___ Recorded data ___
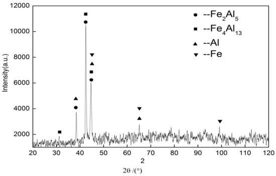 The XRD analysis results of fracture plane in steel side, as shown in Figure 10. The XRD results show that the reaction layer included two different kinds IMC: Fe4Al13 and Fe2Al5. According to Fe-Al equilibrium phase diagram [], six non-stoichiometric IMC of Fe3Al, FeAl, FeAl2, Fe2Al3, Fe2Al5, and Fe4Al13 possibly form during reaction between iron and aluminum. Previous studies about the welding of aluminum alloy to steel indicated that the formed compound near welded seam was intermetallic compounds FeAl3 phase [,]. Van et al. [] state that the η phase has two term name of “Fe4Al13” and “FeAl3”, while Fe4Al13 is more accurate expression. The IMC layer can be divided into two sublayers, as above analysis; one consists of Fe2Al5 IMC, and the other consists of Fe4Al13 IMC. The interface between the Fe2Al5 phase and the steel is presented in the needle-like shape, and the interface between the Fe4Al13 phase and the Al alloy is presented in the flocculent-like shape.
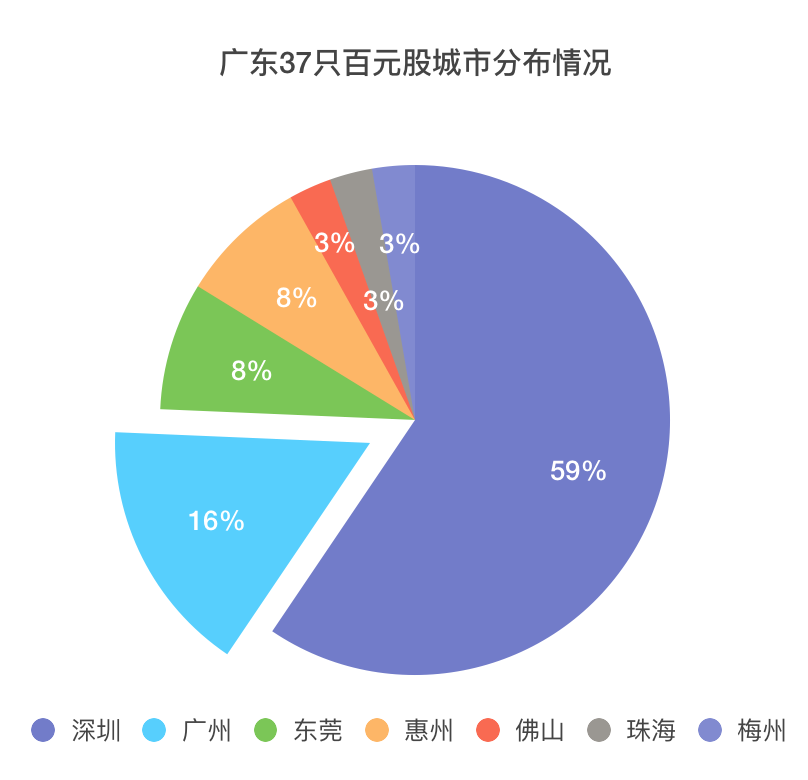 而从省内分布来看,这37只广东百元股中,有22只来自深圳,6只来自广州,东莞、惠州各有3只,佛山、珠海、梅州也各有1只“进账”。
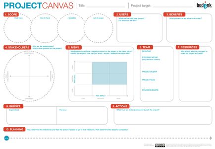 The second project canvas in the collection (see number 8). This has been developed by Bedenk, an innovation consultancy out of Belgium. This canvas helps you plan the front end of a project. You can read more about it AND download a large scale .pdf file HERE (you are required to give name / email). Thanks to Greg Payne for sharing this with me via Twitter.
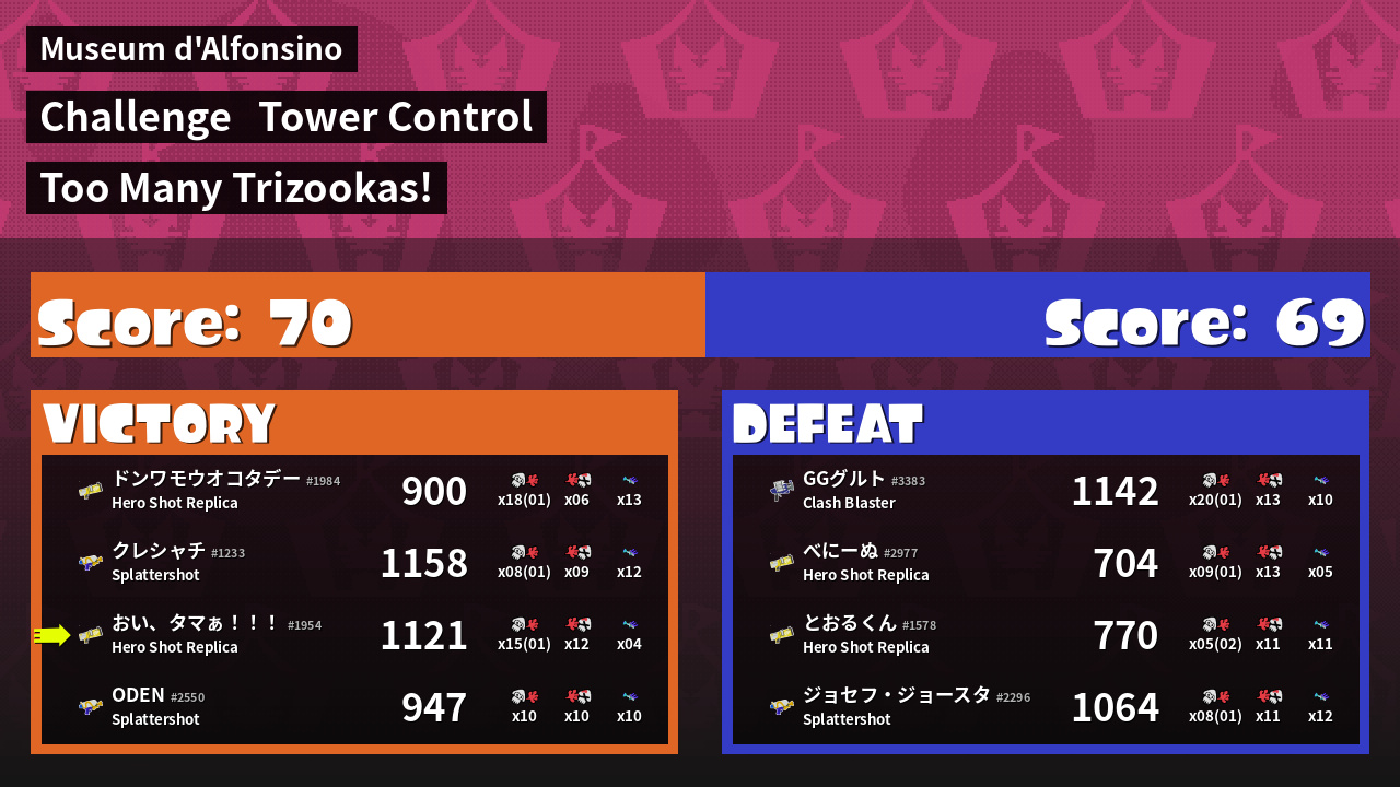 | Medals | #1 Splat Assister #1 Ink Consumer #2 Overall Splatter | ||
___
Retype the listing exactly. Pictures do not belong in the copy.

Exercise response:
 The XRD analysis results of fracture plane in steel side, as shown in Figure 10. The XRD results show that the reaction layer included two different kinds IMC: Fe4Al13 and Fe2Al5. According to Fe-Al equilibrium phase diagram [], six non-stoichiometric IMC of Fe3Al, FeAl, FeAl2, Fe2Al3, Fe2Al5, and Fe4Al13 possibly form during reaction between iron and aluminum. Previous studies about the welding of aluminum alloy to steel indicated that the formed compound near welded seam was intermetallic compounds FeAl3 phase [,]. Van et al. [] state that the η phase has two term name of “Fe4Al13” and “FeAl3”, while Fe4Al13 is more accurate expression. The IMC layer can be divided into two sublayers, as above analysis; one consists of Fe2Al5 IMC, and the other consists of Fe4Al13 IMC. The interface between the Fe2Al5 phase and the steel is presented in the needle-like shape, and the interface between the Fe4Al13 phase and the Al alloy is presented in the flocculent-like shape.
 而从省内分布来看,这37只广东百元股中,有22只来自深圳,6只来自广州,东莞、惠州各有3只,佛山、珠海、梅州也各有1只“进账”。
 The second project canvas in the collection (see number 8). This has been developed by Bedenk, an innovation consultancy out of Belgium. This canvas helps you plan the front end of a project. You can read more about it AND download a large scale .pdf file HERE (you are required to give name / email). Thanks to Greg Payne for sharing this with me via Twitter.
 | Medals | #1 Splat Assister #1 Ink Consumer #2 Overall Splatter | ||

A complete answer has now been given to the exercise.